The Supreme Court today affirms the death sentence in People v. Poore for a 1999 Riverside County murder committed by a member of the Aryan Brotherhood, a white supremacist gang. The jury, however, had rejected gang enhancements.
As is typical in direct, automatic capital appeals where the court cannot decline to hear a case or limit the issues it will decide, the court’s unanimous opinion by Justice Carol Corrigan addresses — and rejects — numerous arguments. Among other things, the defendant claimed that the absence of mitigating evidence required reversal of the penalty (even though he directed his attorney to not present such evidence) and that he was improperly required to wear a stun belt and to be confined to a restraint chair during trial.
The court does find there was a statutory violation in the defendant’s absence from the trial during a part of jury voir dire, but concludes the error was harmless.

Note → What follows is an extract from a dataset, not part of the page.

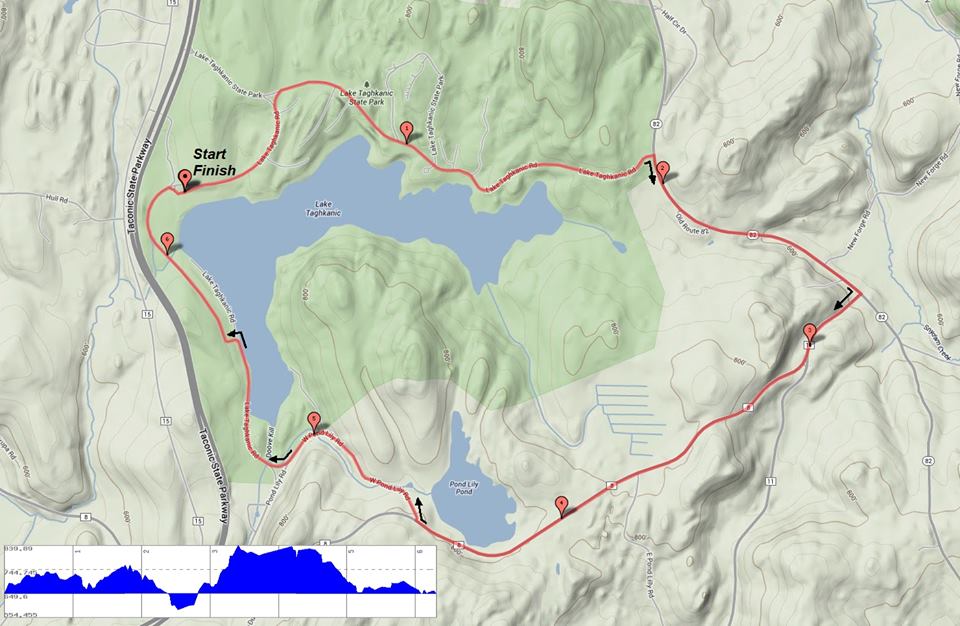 The field of athletes doing the duathlon was quite small, and the first 5k was an out-and-back run through the state park. Rolling hills. I actually wore my garmin watch for the first time in about a year so I could keep track of my pace. Did I remember how to use the watch? Kind of, at least basics. I did not want to sprint to fast and have no energy for the rest of the race. Nine minute or so miles is what I was aiming for. I kept up with Ms. Championships the whole 5k, and felt good after the first run was over. The bike, ohh the bike portion. It was two loops around the park, and, I have come to the conclusion that in order for a race to be one of the New York Triathlon races, it must involve hills. Having not pre-ridden the course, I had no idea what the extent of the hills would be. Below is the image posted on the Facebook page of the race course….

It also concludes that, although it was a “close” question, substantial evidence supports the superior court’s dismissal of two prospective jurors because of their views on the death penalty.
Justice Goodwin Liu signs the court’s opinion, but also writes a concurrence. He says it remains an open question whether the U.S. Supreme Court’s decision in McCoy v. Louisiana (2018) 584 U.S. _ [138 S.Ct. 1500] “affects our precedent on the right of a capital defendant to control counsel’s presentation of mitigating evidence.” A McCoy violation caused a death penalty reversal in April.